BATAVIA — For the second time in just as many weeks, the Notre Dame High School community, as well as the entire Section V athletics community, is dealing with the sudden loss of one of their own.

Just weeks after longtime Fighting Irish coach and teacher Bill Sutherland passed away, former coach and Section V Hall of Famer Bayne Johnson passed away peacefully on Friday, September 11.

Johnson, who lived in Silver Lake, was 76 years old and passed away at the Avon Nursing Home.

Before becoming a legendary coach on the football sidelines as well as on the hardwood, Johnson was a 1961 graduate of Notre Dame high school, where he was a key member of both the talented football and basketball teams, being known for being a very smart and competitive athlete.

Johnson would return to Notre Dame as the freshman basketball coach in 1968 before becoming the junior varsity basketball coach the year following, where he would remain through the 1972-73 season. During his time as the JV coach Johnson would lead a number of famous Notre dame alumni, including longtime an current head boys varsity basketball coach Mike Rapone.

Johnson, though, would go on to make a name for himself on the gridiron, being known for being an innovative mind before his time, as well as being a stern, but fair, head coach.

Inducted into the Notre Dame Hall of Fame in 1994, Johnson finished 26-16-1 in the ultra-competitive Bishop Smith League, winning the league championship in 1973.

Coaching Notre Dame from 1970 to 1974, Johnson won the Bishop Smith League Coach of the Year award in both 1972 and 1973, while his teams were a perfect 4-0 against then-rival Le Roy in one of the biggest and most competitive series at that time.

Following his tenure at Notre Dame, Johnson would move on to Oakfield-Alabama, where he not only put together an impressive Hornets football program, but also produced one of the top boys basketball squads around in the mid-to-late 1970s.

During his time at O-A, Johnson worked with none other than current Notre Dame principal Wade Bianco.

In 1979, Johnson continued his Hall of Fame football coaching career at Pittsford Sutherland, where he is also a member of that school’s Hall of Fame.

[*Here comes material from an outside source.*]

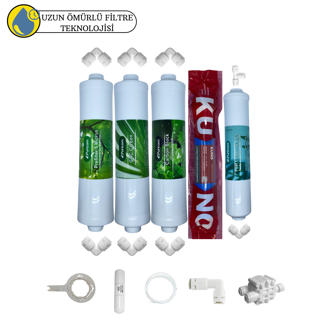Puricom kapalı Kasa Su Arıtma Cihazlarına Uygun Sertifikalı 5 li Orijinal Lg Kuno mebranlı 5 li set ve ekipmanları

From 1979-to 1983, Johnson led the Knights to a 34-13 record, while advancing to the sectional title game in his first two seasons at the helm. Sutherland fell to Monroe 7-0 in overtime in the Class A championship game in 1979, while the Knights would come up short against Pittsford Mendon in the Class AA title game the following year.

After two years away — and after Sutherland and Mendon merged into one Pittsford program, where it stands today — Johnson returned to guide Pittsford for three more years, from 1986-88.

After the now-Panthers went 3-5-1 in 1985, Johnson led them to a 6-2-1 record the following year, guiding Pittsford to the sectional semifinals. Johnson would go on to finis 13-12-2 in his second tenure with Pittsford.

Johnson was named to the illustrious Section V Football Hall of Fame with the class of 2008.

Arrangements and funeral services are being handled by Falcone Family Funeral & Cremation Service Inc. on Lake Street in Le Roy.